Studies in C. elegans support the aforementioned notion. Global inhibition of sphingolipid synthesis via mutation of the sptl-1/spt gene prolongs the life span of C. elegans (21). Loss of Sph kinase reduces the levels of S1P and significantly shortens life span (34), implying that the S1P subclass may act to promote worm longevity. Two additional studies investigated the roles of CerS in C. elegans life span regulation. Each CerS has unique substrate specificity and is thus responsible for the formation of Cer containing specific side-chain fatty acids. The genome of C. elegans encodes three CerS genes: hyl-1, hyl-2, and lagr-1. HYL-1 is required for the synthesis of sphingolipids with very long acyl chains (≥24), whereas HYL-2 produces sphingolipids with fatty acyl chains in the range of C20 to C22 (35). Mutation of hyl-2 reduces life span (34, 36), whereas double mutations of hyl-1 and larg-1 increase life span (36). Consistent with the hyl-2 life span result, our recent work found that sphingolipids containing the C22 fatty acyl chain are also required for longevity (7). In addition, we determined that C22 GlcCer is responsible for longevity and that it likely acts as a microdomain component on lysosomal membranes (7). These findings suggest that different sphingolipid subclasses, and even the same subclass with different fatty acyl chains, may play distinct roles in life span regulation.

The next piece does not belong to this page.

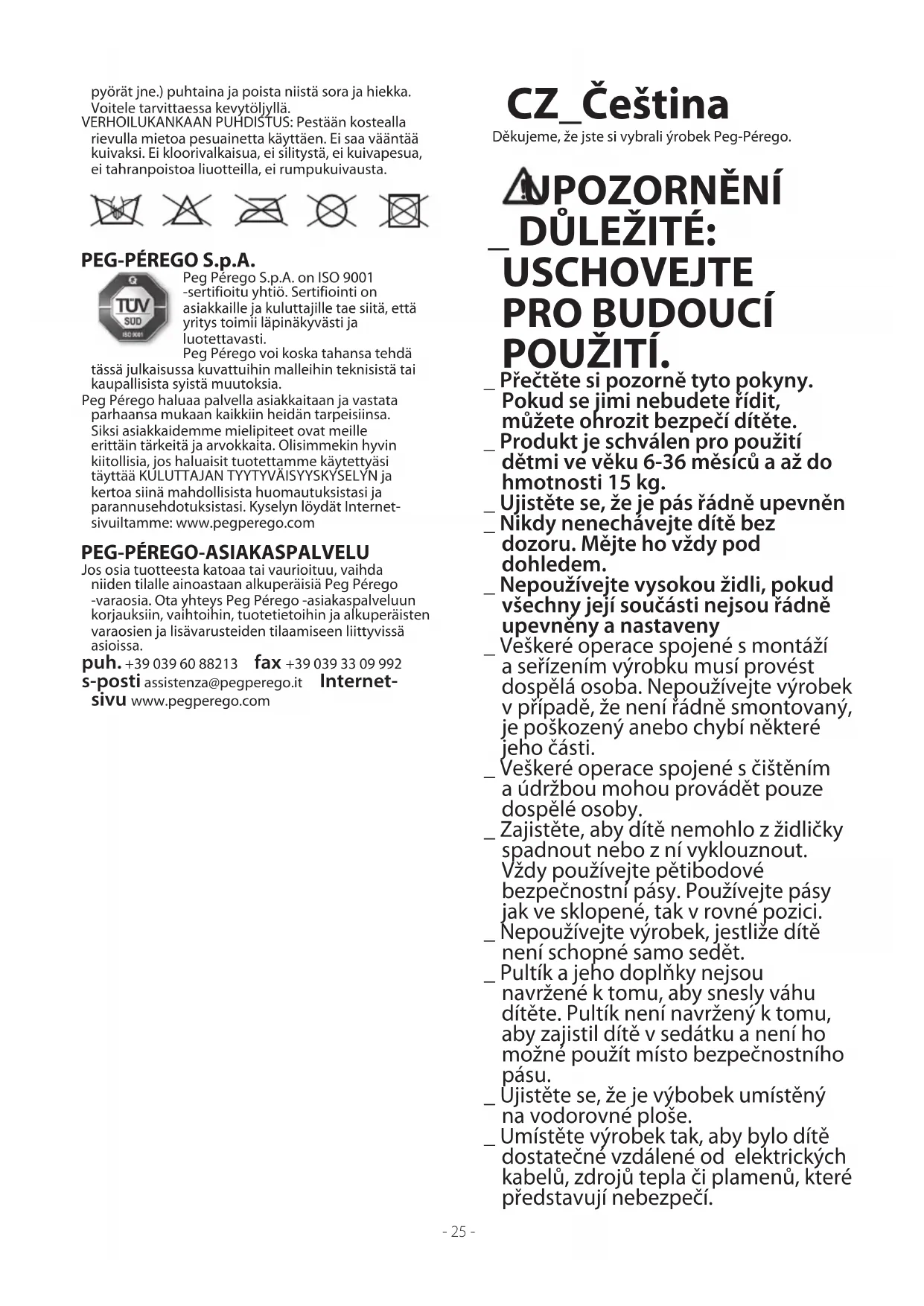 TUOTTEEN HUOLTO: Suojaa tuote sateelta, lumelta ja vedeltä. Jatkuva altistuminen auringonvalolle saattaa muuttaa monien materiaalien väriä. Säilytä tuote kuivassa paikassa. RUNGON PUHDISTUS: Puhdista muoviosat säännöllisesti kostealla kankaalla. Älä käytä liuotteita tai muita vastaavia tuotteita. Pidä tuotteen metalliosat kuivina, jotta ne eivät ruostu. Pidä kaikki liikkuvat osat (säätömekanismit, kiinnitysmekanismit,- 25 - pyörät jne.) puhtaina ja poista niistä sora ja hiekka. Voitele tarvittaessa kevytöljyllä. VERHOILUKANKAAN PUHDISTUS: Pestään kostealla rievulla mietoa pesuainetta käyttäen. Ei saa vääntää kuivaksi. Ei kloorivalkaisua, ei silitystä, ei kuivapesua, ei tahranpoistoa liuotteilla, ei rumpukuivausta. PEG-PÉREGO S.p.A. Peg Pérego S.p.A. on ISO 9001 -sertifioitu yhtiö. Sertifiointi on asiakkaille ja kuluttajille tae siitä, että yritys toimii läpinäkyvästi ja luotettavasti.Peg Pérego voi koska tahansa tehdä tässä julkaisussa kuvattuihin malleihin teknisistä tai kaupallisista syistä muutoksia. Peg Pérego haluaa palvella asiakkaitaan ja vastata parhaansa mukaan kaikkiin heidän tarpeisiinsa. Siksi asiakkaidemme mielipiteet ovat meille erittäin tärkeitä ja arvokkaita. Olisimmekin hyvin kiitollisia, jos haluaisit tuotettamme käytettyäsi täyttää KULUTTAJAN TYYTYVÄISYYSKYSELYN ja kertoa siinä mahdollisista huomautuksistasi ja parannusehdotuksistasi. Kyselyn löydät Internet-sivuiltamme: www.pegperego.com PEG-PÉREGO-ASIAKASPALVELU Jos osia tuotteesta katoaa tai vaurioituu, vaihda niiden tilalle ainoastaan alkuperäisiä Peg Pérego -varaosia. Ota yhteys Peg Pérego -asiakaspalveluun korjauksiin, vaihtoihin, tuotetietoihin ja alkuperäisten varaosien ja lisävarusteiden tilaamiseen liittyvissä asioissa. puh. +39 039 60 88213 fax +39 039 33 09 992 s-posti assistenza@pegperego.it Internet- sivu www.pegperego.com CZ_Čeština Děkujeme, že jste si vybrali ýrobek Peg-Pérego. UPOZORNĚNÍ _ DŮLEŽITÉ: USCHOVEJTE PRO BUDOUCÍ POUŽITÍ. _ Přečtěte si pozorně tyto pokyny. Pokud se jimi nebudete řídit, můžete ohrozit bezpečí dítěte. _ Produkt je schválen pro použití dětmi ve věku 6-36 měsíců a až do hmotnosti 15 kg. _ Ujistěte se, že je pás řádně upevněn _ Nikdy nenechávejte dítě bez dozoru. Mějte ho vždy pod dohledem. _ Nepoužívejte vysokou židli, pokud všechny její součásti nejsou řádně upevněny a nastaveny _ Veškeré operace spojené s montáží a seřízením výrobku musí provést dospělá osoba. Nepoužívejte výrobek v případě, že není řádně smontovaný, je poškozený anebo chybí některé jeho části. _ Veškeré operace spojené s čištěním a údržbou mohou provádět pouze dospělé osoby. _ Zajistěte, aby dítě nemohlo z židličky spadnout nebo z ní vyklouznout. Vždy používejte pětibodové bezpečnostní pásy. Používejte pásy jak ve sklopené, tak v rovné pozici. _ Nepoužívejte výrobek, jestliže dítě není schopné samo sedět. _ Pultík a jeho doplňky nejsou navržené k tomu, aby snesly váhu dítěte. Pultík není navržený k tomu, aby zajistil dítě v sedátku a není ho možné použít místo bezpečnostního pásu. _ Ujistěte se, že je výbobek umístěný na vodorovné ploše. _ Umístěte výrobek tak, aby bylo dítě dostatečné vzdálené od elektrických kabelů, zdrojů tepla či plamenů, které představují nebezpečí.- 26 - _ Nevsunujte prsty do mechanismů výrobku a při seřizování výrobku buďte velmi opatrní na končetiny dítěte. _ Použití doplňků, které nejsou schválené výrobcem, může být nebezpečné. _ Nepoužívejte výrobek v blízkosti schodů. _ Neumísťujte výrobek do blízkosti zdrojů tepla či ohně (plynový sporák, elektrická kamna atd.)

The lysosome is a critical hub for mediating the effects of sphingolipids on aging

Aging is associated with functional declines in numerous organelles, including the lysosome. The acidity, function, and homeostasis of lysosomes are all compromised as a result of aging, and preventing this decline extends the life span of model organisms (37, 38, 39). Accordingly, the enhancement of autophagy, which requires functional lysosomes to degrade ingested cargos, is recognized as a common mechanism in various life span–extension paradigms (reviewed in Ref. (40)). Moreover, mTOR, a key regulator of animal aging, is activated on lysosomal membranes and is thus influenced by lysosome homeostasis (41, 42, 43). In addition, lysosomal metabolites and ions, such as amino acids, calcium, and iron, play critical roles in the process of aging and aging-related diseases. For instance, when released from lysosomes, these molecules can affect the functions of secondary organelles, such as mitochondria, and thus have an indirect effect on aging via organelle communications (44, 45). Therefore, the lysosome is a crucial organelle for aging regulation.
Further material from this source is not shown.